Specific types of data
Many data management principles apply to all types of data but there are some specific considerations for specialist types of data.
Some longitudinal population studies include or are linked to geographic information. This normally includes information about where the study member lives and features of the area in which they live.
Geographic information tends to be grouped into areas across different levels. These may be different in different countries, but in the UK they generally match the geographies used in the Census.
- Output Areas (OAs): the lowest level and cover the smallest area. They include between 100 and 625 individuals across 40 to 250 households.
- Lower layer Super Output Areas (LSOAs): made up of groups of OAs, normally about 4 or 5.
- Middle layer Super Output Areas (MSOAs): made up of groups of 4 or 5 LSOAs.
Other geographic areas in the UK
These include wards, parishes, Local Enterprise Partnerships (LEPs), Parliamentary constituencies, local authority districts, built up conglomerations and built up areas, workplace zones, and Travel To Work Areas.
When using geographic data, be sure to check the geography used and the level of the data. This is especially important if you plan to link the geography data in the study to other information e.g., area level information or indexes.
For example, the Index of Multiple Deprivation (IMD) is a measure of relative deprivation at the LSOA level.
Medical codes and statistics
There are specific types of data collected and used by the medical field that are often linked to longitudinal population studies, but these may require some specific management.
Hospital Episode Statistics (HES): these contain information about admissions, outpatient appointments and historical Accident and Emergency attendances at NHS hospitals in England. There are different datasets within HES that focus on areas of care, e.g., Accident & Emergency, Critical Care, Outpatient care.
Studies linked to HES
Some longitudinal population studies are linked to HES and make this linked data available to researchers alongside documentation which outlines any data processing that was carried out and guidance for its use. For example, the National Child Development Study Linked health administrative datasets – Hospital Episode Statistics (HES) User guide.

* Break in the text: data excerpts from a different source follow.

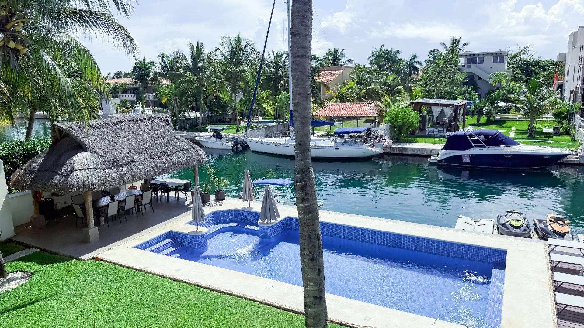 The secure gated community features lush gardens, a pool and palapa area, a private marina and yacht dock, and 24-hour security. It is situated just steps away from the beach, restaurants, and shopping.
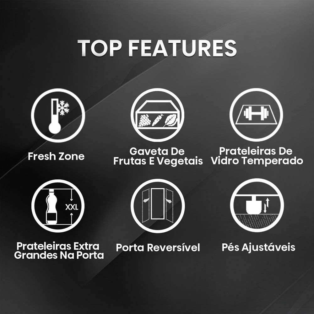Resfriamento Extra e Congelador Independente: Precisa conservar congelados ou manter suas bebidas na temperatura ideal? O compartimento de resfriamento extra e o congelador independente garantem tudo isso com muita eficiência.
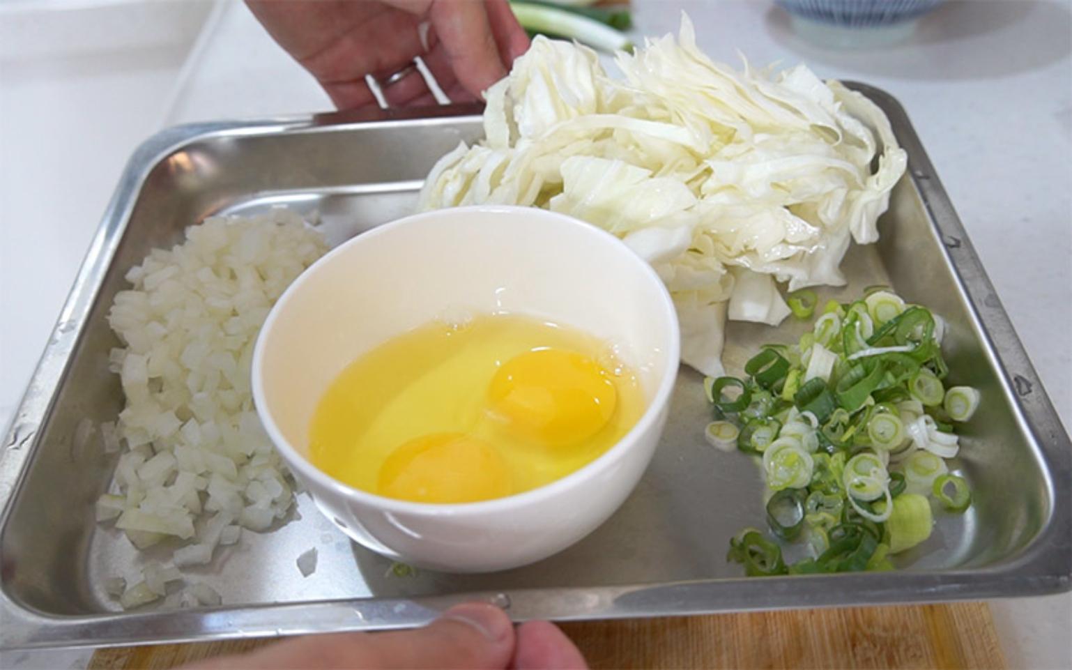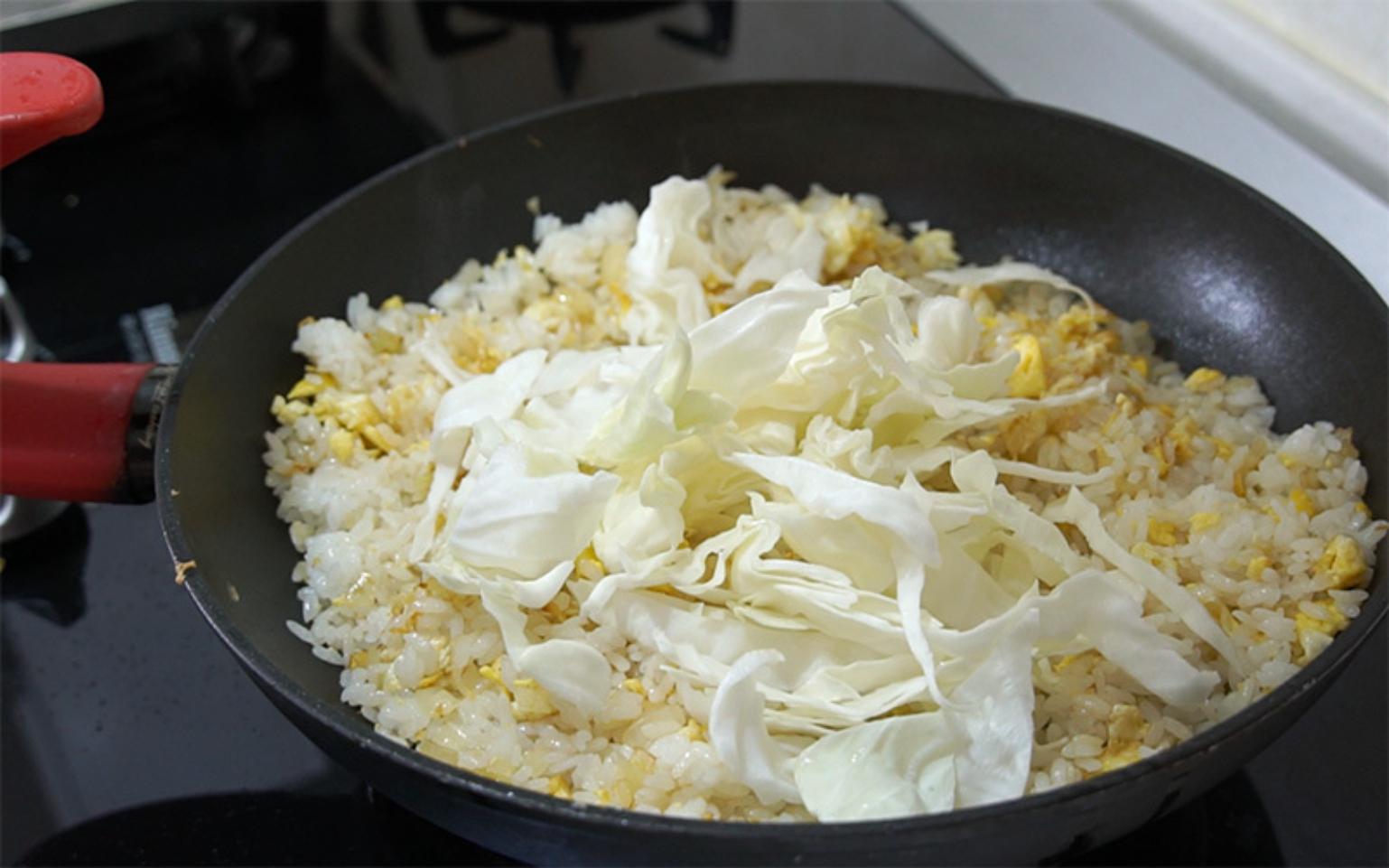 炒飯最重要的工作就是備料。先切好洋蔥碎、蔥花,高麗菜切小片,之後下鍋炒就很快。

Medical data can include specific clinical codes that may need to be cleaned and/or translated in order to be useful in research.

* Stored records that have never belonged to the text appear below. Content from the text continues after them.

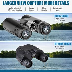 binóculos - Binóculos, binóculos grandes de 19 mm, com ampliação de alta potência de 18X e lentes objetivas de 50 mm, oferecem um grande campo de visão de 121,6 m/1000 m, proporcionam detalhes de imagem grandes e claros. - Binóculos para adultos, binóculos de lente prisma BAK4 de 17 mm adotam lentes totalmente revestidas e prismas revestidos de fase, que aumentam a transmissão de luz dos binóculos para 99,9%. torna a imagem mais transparente, mais clara e mais brilhante. - Binóculos à prova d'água, à prova d'água IPX7 e à prova de neblina, uma estrutura de policarbonato blindada de borracha protege seus binóculos de danos, à prova d'água - binóculos de proteção perfeitos e resiste às condições climáticas mais difíceis. Eles também evitam o embaçamento interno das lentes. - Binóculos para observação de pássaros, os binóculos de observação de pássaros vêm com um novo adaptador de telefone e um tripé para que você possa estabilizar seu telefone para tirar fotos mais claras e bonitas. Capture os momentos maravilhosos e compartilhe com seus amigos. - Binóculos HD de alta potência, design leve e portátil. Nossos binóculos profissionais para adultos e crianças são fáceis de usar, focados com ou sem óculos. Ajuste flexível, nossos binóculos oferecem binóculos de alta qualidade.
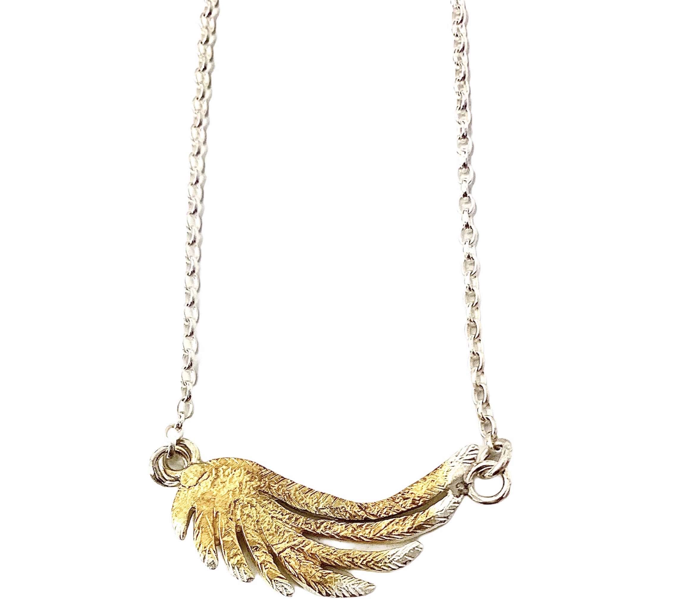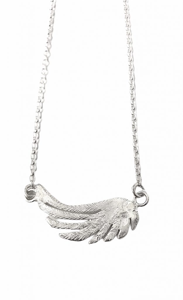 Silver Angel Wing – brushed lightly with gold plating then hung horizontally to sit just at the nape of your neck. Wear on its own or add a longer layer to create a new look.
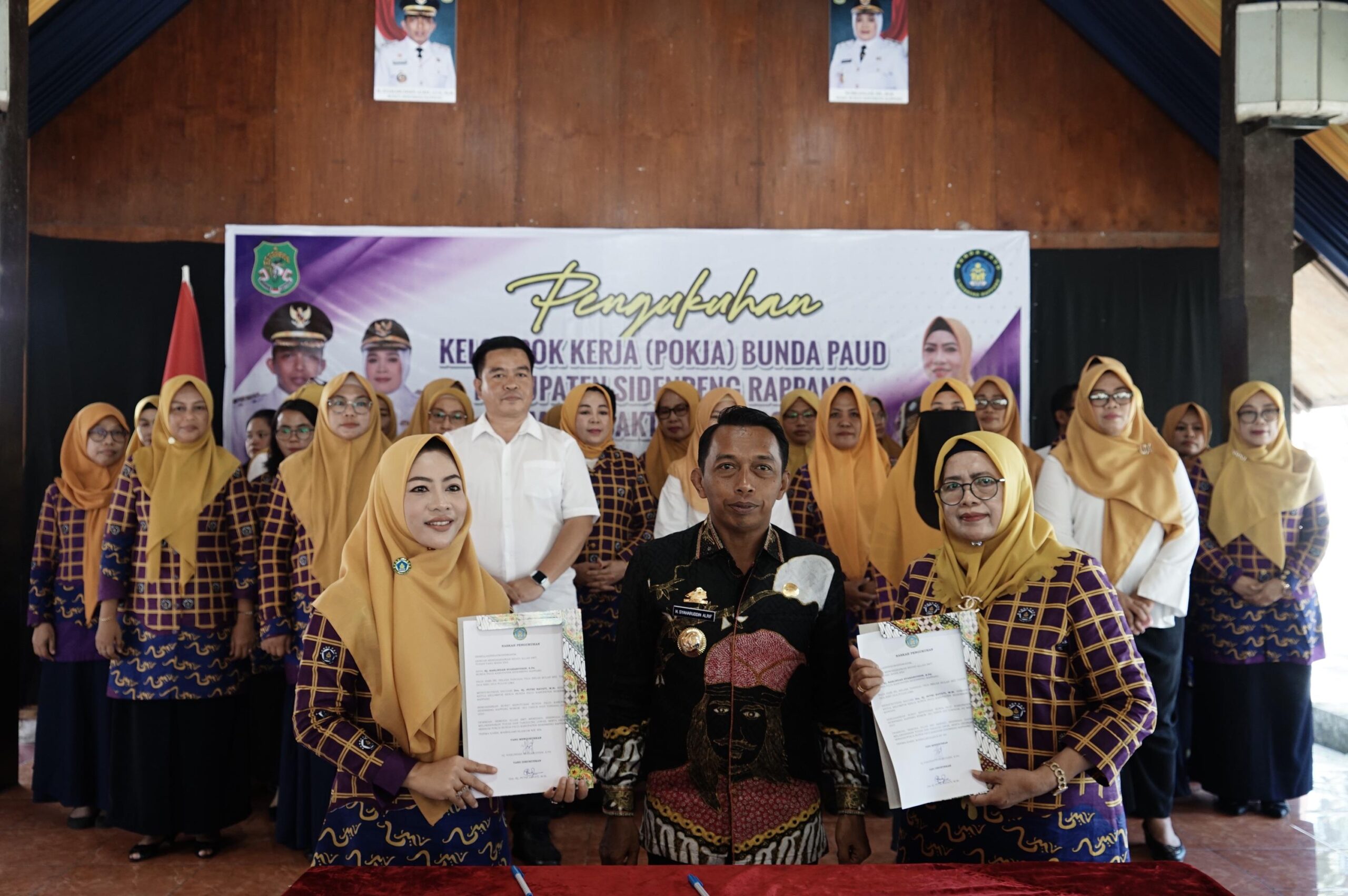 Pengukuhan dipimpin langsung oleh Bunda PAUD Kabupaten Sidrap, Hj. Haslinda Syaharuddin, disaksikan Bupati Sidrap, H. Syaharuddin Alrif.
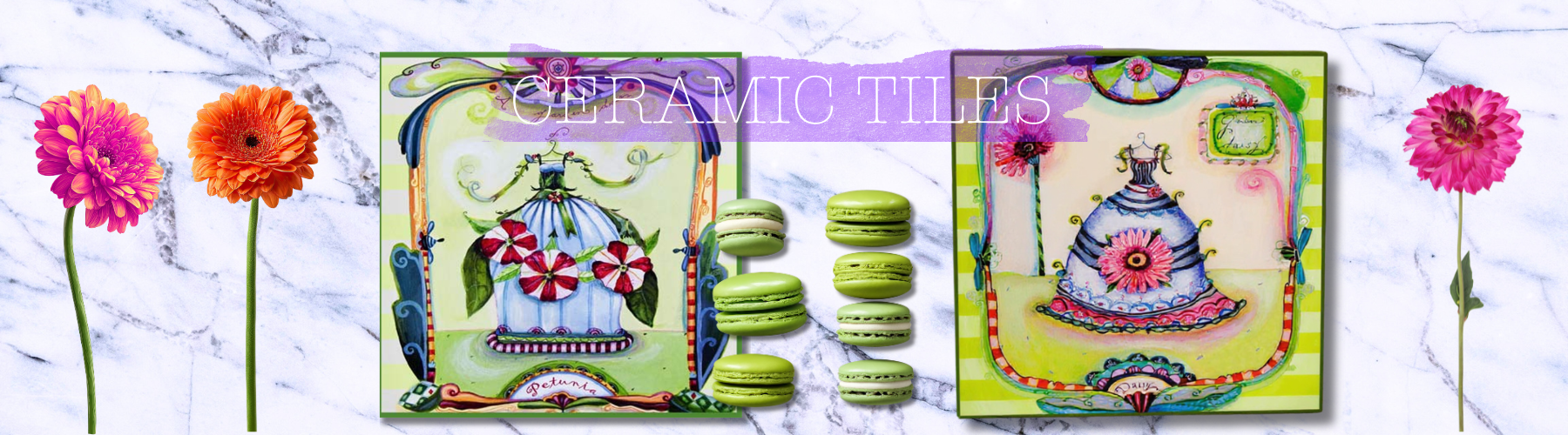 Heat safe ceramic tile trivets feature the art of Wendy Costa in three sizes
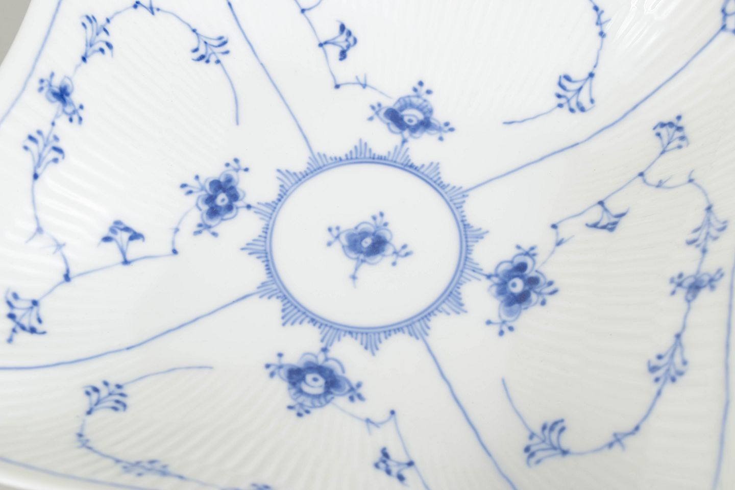 Håndmalet firkantet skål i porcelæn dekoreret med det klassiske musselmalede riflet mønster i blå underglasur. Skålen har svagt buede sider med riflede detaljer og et centralt blomsterornament omgivet af slyngede blomstergrene. Undersiden er fabriksstemplet Royal Copenhagen og annulleret med én indridset streg gennem fabriksstemplet. Model 1/26.
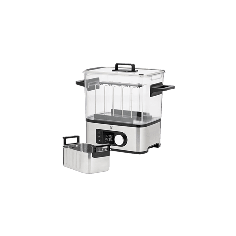 Kettő az egyben elektromos főzőedény lassú főzés funkcióval a precíz főzésért A WMF Lono Sous-Vide Pro elektromos főzőedény gourmet ételek főzésére alkalmas funkciójával lenyűgözi használóját, miközben húsok, halak és zöldségek rendkívül kíméletes elkészítésére is alkalmas. Első előny: pontos hőmérséklet-állítás sous vide főzéskor, és pontosság magas hőmérsékleten. Második előny: az edény az egyre kedveltebb lassú főzésre is alkalmas. A
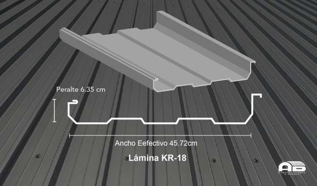 La lámina KR-18 es engargolada y permite formar cubiertas de un solo cuerpo a una infraestructura de acero. Es utilizada en proyectos de grandes dimensiones (naves industriales, cedis, plantas, faldones, fachadas, etc).

The NHS in the UK used “Read codes” until 2018 to clinically encode information about patients, including symptoms, laboratory tests and results, and other information.
The Pathology Bounded Code List (PBCL) is still used for laboratory medicine reports.
Diagnoses, conditions, and procedures are often coded using classification standards, such as the International Statistical Classification of Diseases and Related Health Problems (ICD), the Classification of Interventions and Procedures (OPCS) or the Diagnostic and Statistical Manual of Mental Disorders (DSM).
Electronic health records being used for research may include some of these codes which might need translating or recoding so that the information is relevant to the research project. It is important to check which classification has been used and the version.